Source material -
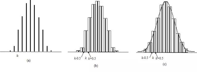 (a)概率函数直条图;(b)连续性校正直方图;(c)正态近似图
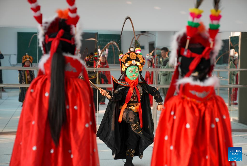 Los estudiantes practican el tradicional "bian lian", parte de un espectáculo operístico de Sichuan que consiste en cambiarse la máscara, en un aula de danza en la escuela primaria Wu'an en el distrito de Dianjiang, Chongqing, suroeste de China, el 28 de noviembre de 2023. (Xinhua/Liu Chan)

---

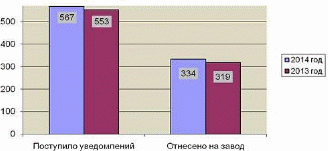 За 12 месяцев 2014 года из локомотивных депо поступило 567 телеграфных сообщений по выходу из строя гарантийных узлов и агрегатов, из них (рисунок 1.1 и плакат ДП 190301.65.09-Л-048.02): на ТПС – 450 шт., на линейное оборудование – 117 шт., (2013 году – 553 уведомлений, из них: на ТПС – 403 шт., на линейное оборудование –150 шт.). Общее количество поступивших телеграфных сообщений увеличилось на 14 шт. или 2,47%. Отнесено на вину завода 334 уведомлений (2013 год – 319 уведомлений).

Exercise prompt - Respond with the exact lines above running from the one containing "(a)概率函数直条图;(b)连续性校正直方图;(c)正态近似图" to the one containing "Los estudiantes practican", both ends kept and no pictures included.

Your solution -
 (a)概率函数直条图;(b)连续性校正直方图;(c)正态近似图
 Los estudiantes practican el tradicional "bian lian", parte de un espectáculo operístico de Sichuan que consiste en cambiarse la máscara, en un aula de danza en la escuela primaria Wu'an en el distrito de Dianjiang, Chongqing, suroeste de China, el 28 de noviembre de 2023. (Xinhua/Liu Chan)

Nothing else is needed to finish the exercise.